The CPRS will also have consequences for financiers that have lent money to or have invested in entities that are liable under the scheme.

The CPRS will impose additional costs on borrowers, which may include the cost of acquiring permits and increased expenditure on capital items to reduce emissions or increase energy efficiency.

The facility agreements and supporting security documents between liable entities (in their capacity as borrowers) and their financiers could call for a review of the loan arrangements if these costs will or could have a significant impact on the borrowers' assets and/or revenue stream.

A lender's review may entail assessment of the impact of CPRS obligations on the borrower's with the obligation in the facility agreement to comply with all relevant laws and obligations, which would include the CPRS once legislation implementing the scheme is passed.
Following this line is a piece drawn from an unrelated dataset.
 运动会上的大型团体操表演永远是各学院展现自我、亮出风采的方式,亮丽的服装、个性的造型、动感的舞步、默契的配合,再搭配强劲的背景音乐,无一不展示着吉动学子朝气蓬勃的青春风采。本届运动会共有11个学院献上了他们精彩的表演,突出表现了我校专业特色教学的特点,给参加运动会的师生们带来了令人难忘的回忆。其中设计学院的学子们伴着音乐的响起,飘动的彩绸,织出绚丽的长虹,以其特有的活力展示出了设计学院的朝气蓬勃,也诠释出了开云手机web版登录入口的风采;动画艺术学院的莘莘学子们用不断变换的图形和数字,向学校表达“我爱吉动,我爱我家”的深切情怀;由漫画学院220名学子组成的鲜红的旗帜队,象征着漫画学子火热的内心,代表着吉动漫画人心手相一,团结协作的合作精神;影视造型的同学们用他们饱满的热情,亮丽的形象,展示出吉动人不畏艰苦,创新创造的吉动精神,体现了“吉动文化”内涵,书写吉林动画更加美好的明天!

The lender may also need to consider the possibility of taking security over the permits, which the borrower is obliged to acquire under the CPRS.

There is currently some uncertainty surrounding the precise nature of the scheme that the government intends to introduce to reduce national greenhouse emissions. Nevertheless, the White Paper is likely to form the basis for the government's approach.
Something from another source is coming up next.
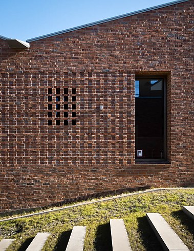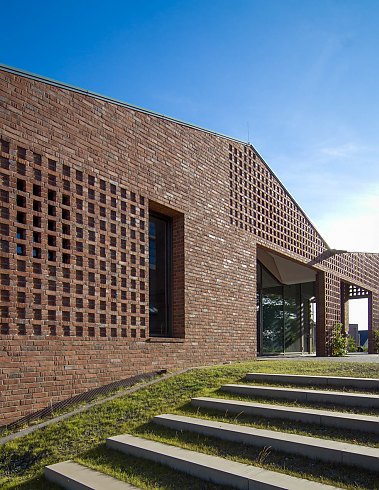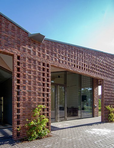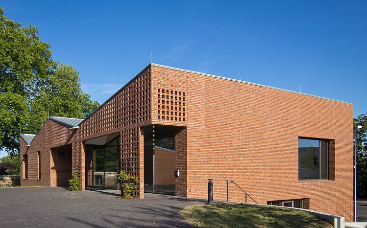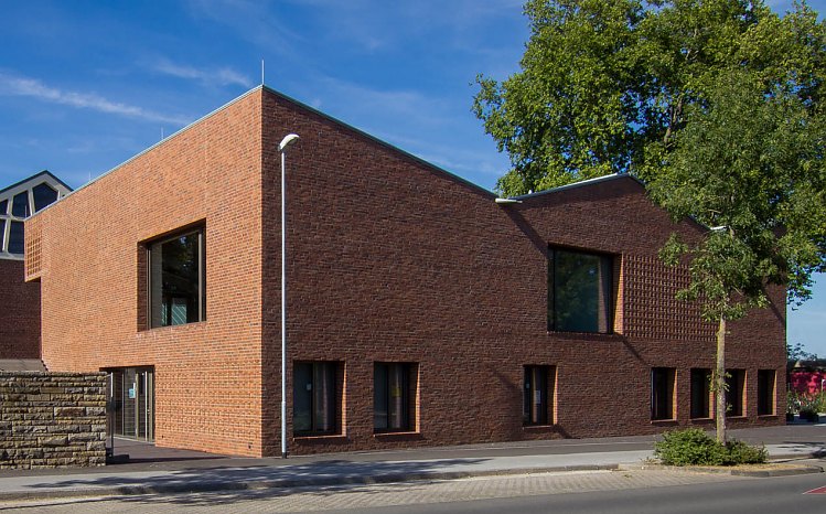 Die Architekten haben sich für einen rötlichen Wasserstrichziegel entschieden, der mit seiner lebhaften Form hervorragend mit der alten Ziegelfassade der Kirche korrespondiert. Um die Lebendigkeit der Fassade noch zu steigern, wurde die unregelmäßige Lagerseite des Ziegels im Wechsel mit der Sichtseite vermauert. Die eingesetzten Vollziegel eigneten sich besonders gut für die Umsetzung der großen Wandflächen im Wechsel mit Lochmustern und profilierten Oberflächenstrukturen.

Accordingly, we consider that it would be prudent for financiers to use the White Paper as a basis to undertake a comprehensive risk assessment of the implications of the CPRS for their facility agreements with entities that may be liable under the CPRS, particularly in light of the current global economic crisis.

Such a risk assessment will involve consideration of each of the relevant elements of the CPRS to determine the likely impact and probability of consequences for liable entities.

The risk assessment may need to be reviewed when the CPRS legislation is finally released. This paper will help guide financiers in undertaking that risk assessment and will assist in determining what action needs to be taken, if any, to protect their financial position prior to the implementation of the CPRS.

FRAMEWORK FOR A FINANCIER'S RISK ASSESSMENT OF THE CPRS

Objectives

It is important to articulate the objectives underlying a risk assessment of the CPRS as this will affect the nature of the assessment undertaken. More specifically, the objectives will help determine the criteria to be used to assess the overall level of risk associated with a particular aspect of the scheme.

For financiers, the objective is clear: to determine whether obligations under the CPRS will or may affect the borrower's assets and/or revenue stream.

This will entail determination of whether a borrower is liable under the CPRS, the extent of liability and whether such liability will or could have a significant impact on the borrowers' assets and/or revenue stream.

Some CPRS obligations will entail a greater risk of affecting borrowers assets and/or revenue stream than others. A comprehensive risk assessment will allow financiers to rank CPRS obligations and monitor how individual borrowers are addressing the high risk provisions.

This will place financiers in a better position to decide upon appropriate action to ensure borrowers adequately address the risk before and after the CPRS comes into effect so as to avoid an adverse impact upon their business.

Criteria

'Risk' is most commonly defined in terms of the expected impact that may be caused by a situation or event and the probability of that situation or event occurring. Generally speaking, the greater the impact and probability, the higher the overall risk.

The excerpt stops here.